**DATA FOR THIS EXERCISE:**

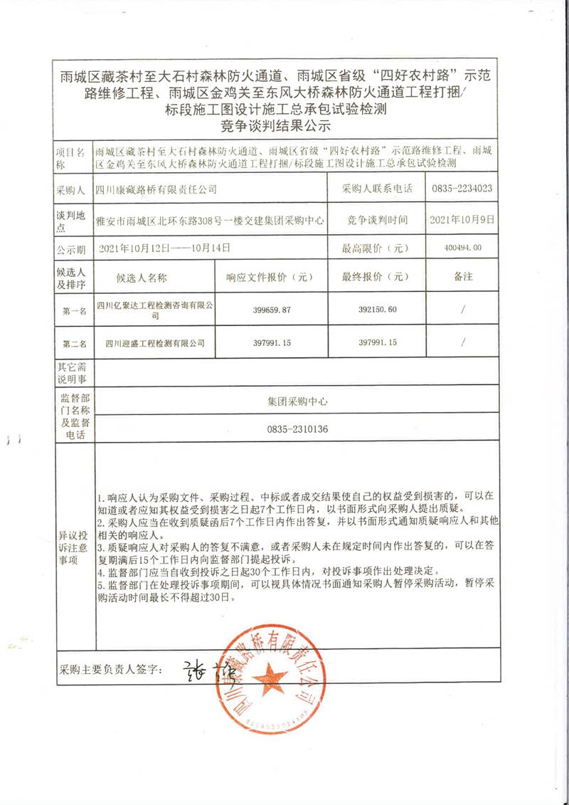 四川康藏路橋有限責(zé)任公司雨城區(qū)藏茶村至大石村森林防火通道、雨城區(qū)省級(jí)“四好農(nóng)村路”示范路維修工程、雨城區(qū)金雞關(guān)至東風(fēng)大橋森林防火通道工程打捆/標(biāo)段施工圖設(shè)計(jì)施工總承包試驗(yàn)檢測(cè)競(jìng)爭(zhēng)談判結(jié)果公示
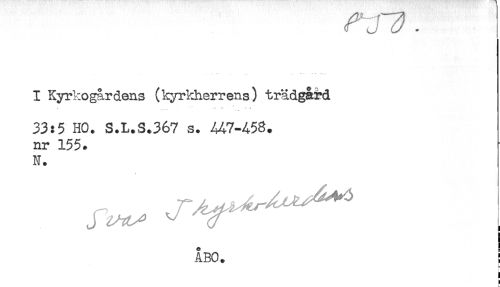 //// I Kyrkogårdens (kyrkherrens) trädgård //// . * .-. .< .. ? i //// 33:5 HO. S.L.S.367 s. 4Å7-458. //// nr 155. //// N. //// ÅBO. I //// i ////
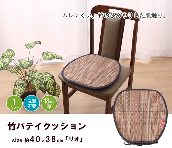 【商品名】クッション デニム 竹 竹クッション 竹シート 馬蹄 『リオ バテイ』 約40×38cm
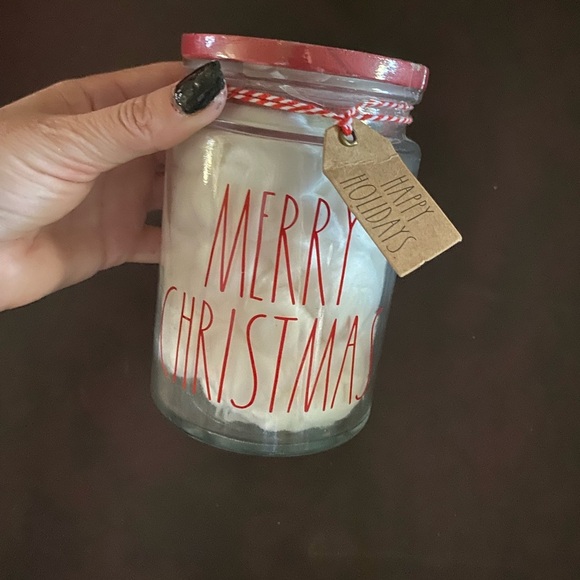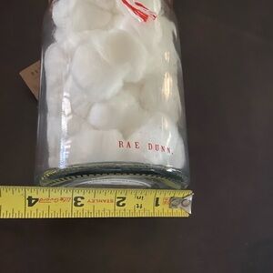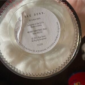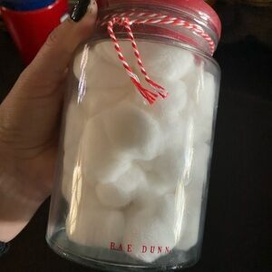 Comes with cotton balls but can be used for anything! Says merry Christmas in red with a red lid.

* * *

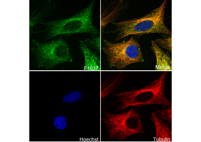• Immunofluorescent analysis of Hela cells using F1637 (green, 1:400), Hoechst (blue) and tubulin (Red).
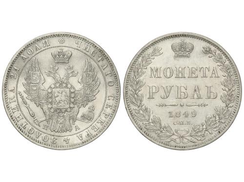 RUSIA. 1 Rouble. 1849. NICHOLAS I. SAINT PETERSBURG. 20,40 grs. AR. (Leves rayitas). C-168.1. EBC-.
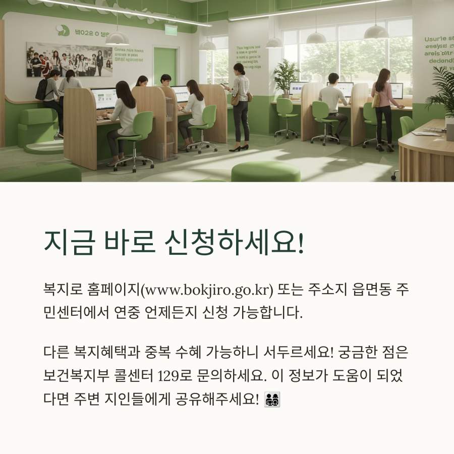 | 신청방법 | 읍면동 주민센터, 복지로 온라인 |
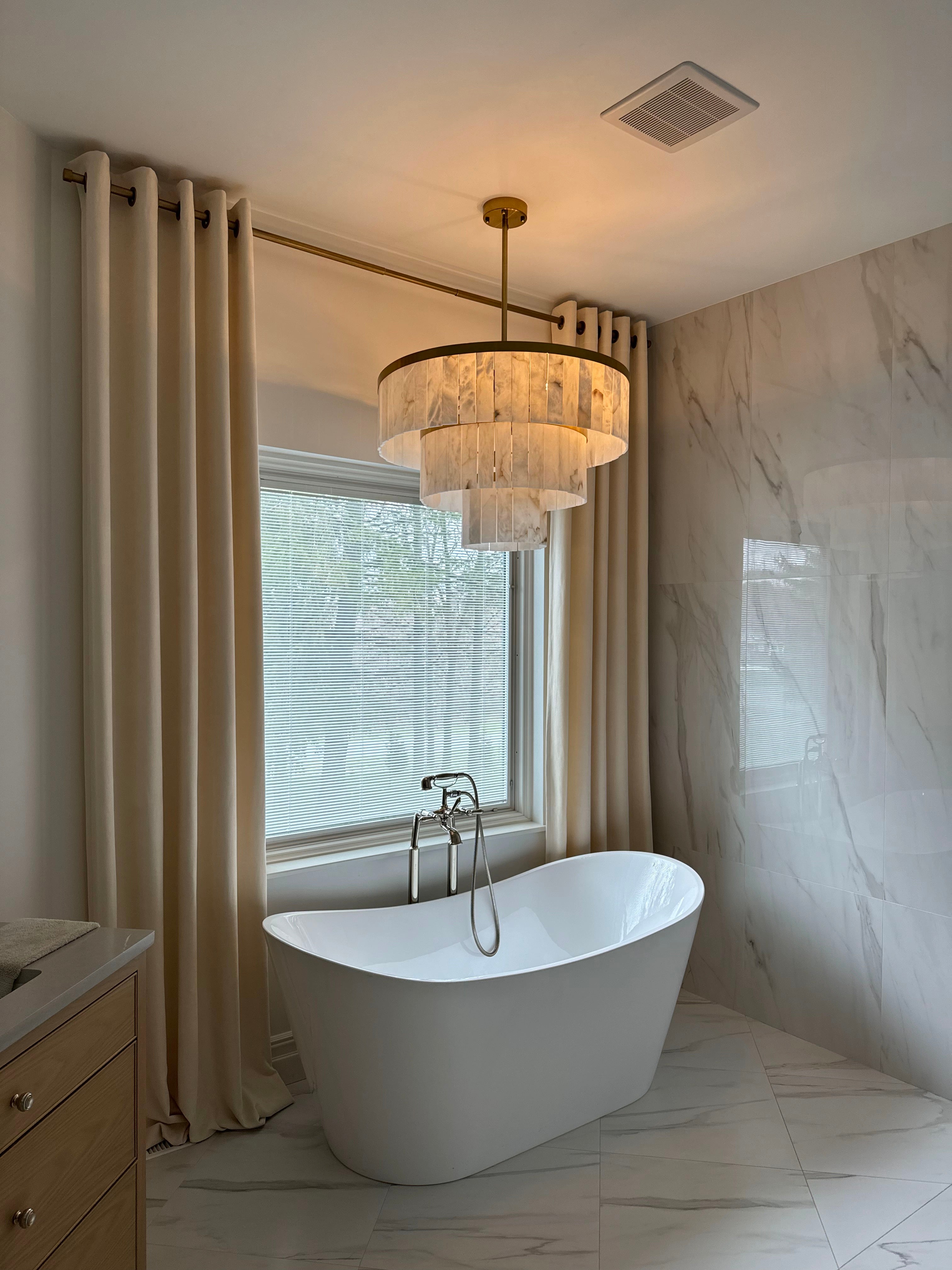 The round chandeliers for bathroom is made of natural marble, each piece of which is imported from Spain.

...

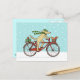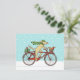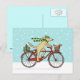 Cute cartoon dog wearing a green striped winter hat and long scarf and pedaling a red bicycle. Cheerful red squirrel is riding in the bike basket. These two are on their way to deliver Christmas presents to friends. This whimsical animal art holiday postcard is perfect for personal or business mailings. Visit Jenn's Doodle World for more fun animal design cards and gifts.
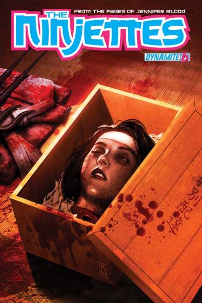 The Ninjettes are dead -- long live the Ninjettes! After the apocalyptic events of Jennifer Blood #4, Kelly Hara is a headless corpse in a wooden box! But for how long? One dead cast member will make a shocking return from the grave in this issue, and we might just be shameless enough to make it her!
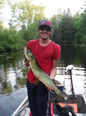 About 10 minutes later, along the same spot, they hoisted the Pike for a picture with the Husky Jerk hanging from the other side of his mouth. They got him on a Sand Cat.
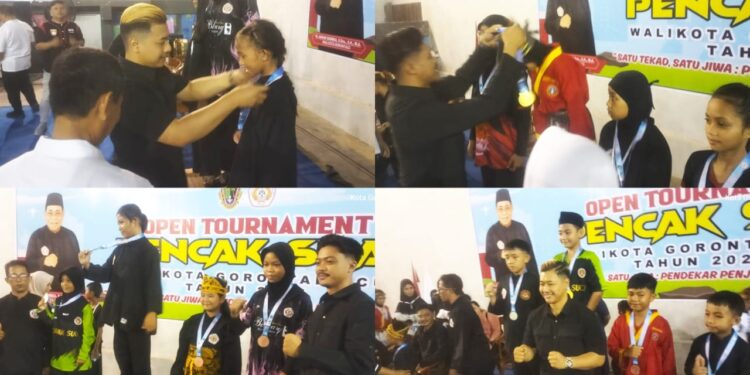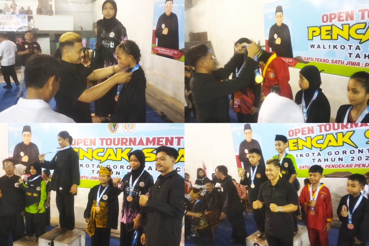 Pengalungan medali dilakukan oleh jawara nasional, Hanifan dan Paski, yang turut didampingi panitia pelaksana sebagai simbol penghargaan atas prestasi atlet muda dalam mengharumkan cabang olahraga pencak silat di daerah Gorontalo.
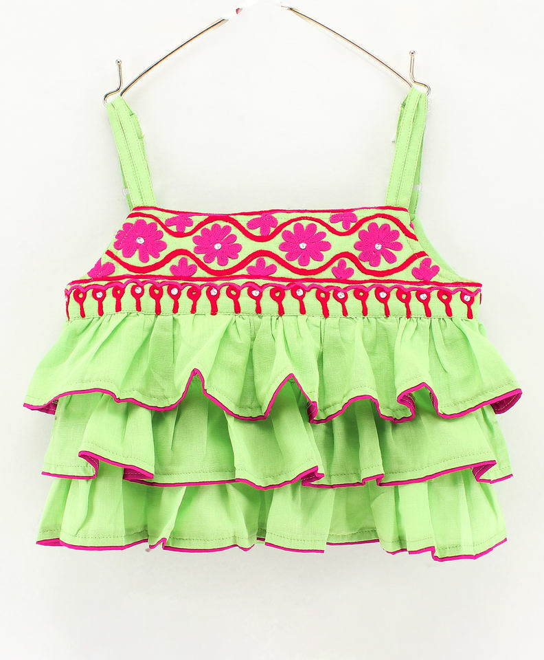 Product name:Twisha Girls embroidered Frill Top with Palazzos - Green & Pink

**YOUR OBJECTIVE:** In the listing above, find the line with "and tubulin (Red)." and the line with "The round chandeliers". Copy exactly those lines and all between them, minus the images.

**ANSWER TO THIS EXERCISE:**
• Immunofluorescent analysis of Hela cells using F1637 (green, 1:400), Hoechst (blue) and tubulin (Red).
 RUSIA. 1 Rouble. 1849. NICHOLAS I. SAINT PETERSBURG. 20,40 grs. AR. (Leves rayitas). C-168.1. EBC-.
 | 신청방법 | 읍면동 주민센터, 복지로 온라인 |
 The round chandeliers for bathroom is made of natural marble, each piece of which is imported from Spain.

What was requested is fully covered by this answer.